Building an interstate natural gas pipeline is a carefully studied, reviewed, regulated and monitored process. Numerous federal and state agencies require the Pacific Connector Gas Pipeline to comply with policies and guidelines to protect the environment affected by the pipeline’s construction and operation.
In addition to complying with the safety requirements of the U.S. Department of Transportation, Pacific Connector will construct and reclaim all disturbed areas in accordance with the Federal Energy Regulatory Commission’s (FERC’s) Wetland and Waterbody Procedures and FERC’s Upland Erosion Control, Revegetation and Maintenance Plan. Many other regulators, including the U.S. Army Corps of Engineers, the Oregon Department of Environmental Quality, and the Oregon Department of Land Conservation and Development, will review the pipeline’s environmental plans and procedures and work closely with Pacific Connector to ensure fish, wildlife and other environmental priorities are protected.
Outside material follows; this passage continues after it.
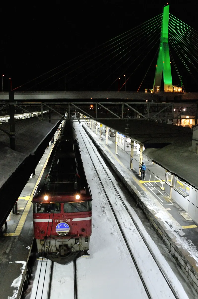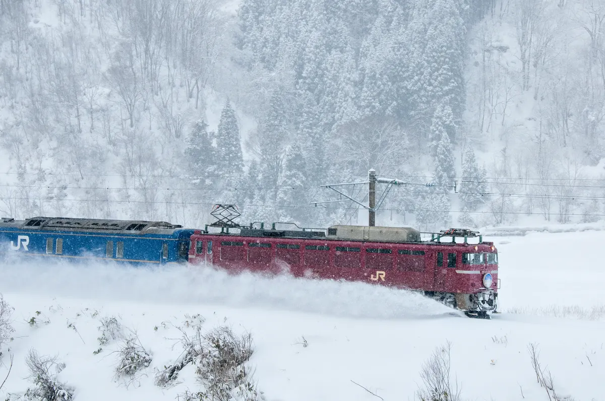 トップ > メンバーズ・フォト > 乗り物(鉄道、飛行機など) > 雪を駆ける寝台特急「あけぼの」(過去作6枚組) TOSHI 2026/01/30 18:58 雪を駆ける寝台特急「あけぼの」(過去作6枚組) JRからブルートレインが無くなってから久しいですが、2014年2月に寝台特急「あけぼの」を撮りに雪の青森まで行って、帰りにA寝台個室で帰って来た過去作をUPします。因みに往路は東北新幹線の東京~新青森が3時間16分で、復路は奥羽本線の秋田経由で青森~上野が12時間30分もかかりました。 いいね 共有する 共有する X facebook LINE リンクをコピー コメントする 1 件の返信 (新着順) ミュートしたユーザーの投稿です。 投稿を表示 フォトマック 2026/01/30 21:46 TOSHI 吹雪く中雪煙まきあげるEF、凄い迫力です。厳しい冬の奥羽線が目に浮かびます。貴重なショットご披露いただきありがとうございました。 いいね 返信する ミュートしたユーザーの投稿です。 投稿を表示 TOSHI 2026/01/30 22:03 フォトマック 1枚目と2枚目は矢立峠(白沢-陣場)を越えるEF81で、大雪が降ると遅延は当たり前。今週は倒木や除雪で運休が続いているようです。雪ダルマになりながら列車を待っていたのが、寒い思い出です。 いいね 返信する

Pacific Connector crosses a number of fish-bearing streams and areas which may be problematic for conventional pipeline construction. To potentially avoid impacts to these sensitive areas, the HDD construction methodology is being reviewed for feasibility.
The use of the HDD methodology at these locations will be determined in consultation with a number of federal and state agencies including the U.S. Army Corps of Engineers, National Marine Fisheries Service, U.S. Fish and Wildlife Service, Oregon Department of Ecology, Oregon Department of Fish and Wildlife and Oregon Department of Natural Resources.
The HDD construction method can be used to install pipelines beneath areas where conventional open trench or other construction techniques may cause undesirable surface disturbance.
The HDD method tunnels beneath surface obstacles and then pulls the pipeline back through the underground tunnel, leaving the surface undisturbed.
The tunnels are typically drilled to depths ranging from 25 to 100 feet below surface obstacles, depending upon the location, pipe characteristics and subsurface conditions.
The HDD installation involves four main steps:
Extensive pre-site planning is required to determine if the HDD method is technically and geologically feasible. A topographic survey is performed along the proposed drill site to ensure adequate surface area is available to conduct the drilling process. In addition, a geotechnical investigation is conducted at each drill site to determine the subsurface conditions. Using the data from the geotechnical investigation and topographic survey, a specific drill path is determined.
Drilling the Pilot Hole
Once the entry location, exit location and trajectory have been determined, the next step is the drilling of a pilot hole. The drill rig is set up at the entry location.
When the drill rig is in place, drilling of a pilot hole begins. At all stages along the drilling path, the operator receives information regarding the position, depth and orientation of the drilling tool, allowing navigation of the drill head along the designed drill path to the exit point.
Hole Opening Process
Upon completion of the pilot hole, the hole opening or reaming process begins. This process consists of progressively enlarging the pilot hole to a diameter that will allow successful pullback of the prefabricated pipe string.
Pipe String Pullback
A pipe string consists of short sections (approximately 40 feet) of steel pipe that are welded together to form a continuous string of pipe for insertion into the drilled hole. The pipe string is slightly longer than the length of the drilled hole. The pipe string is coated with a layer of corrosion- and abrasion-resistant coatings and is hydrostatically pressure tested to insure its integrity. The pipe string is then placed on rollers and cradles to assist with movement during pullback. Next, the pipe string is pulled over the rollers and down into the drilled hole. The pullback continues until the entire length of the pipe string has been pulled into the drilled hole.
Environmental and Safety Measures
Pacific Connector will employ specialists at each HDD installation with a proven record of successful completion for projects of similar length and complexity. One inspector is assigned full-time to each of the HDD sites and will assist in monitoring the progress of the drill. Excess drilling fluids (non-toxic bentonite clay and water) and cuttings produced by the HDDs will be disposed of at an approved disposal site. Water, to mix the drilling fluids and complete the pipe string hydrotests, will be brought in from off site and stored in tanks at the entry and exit locations.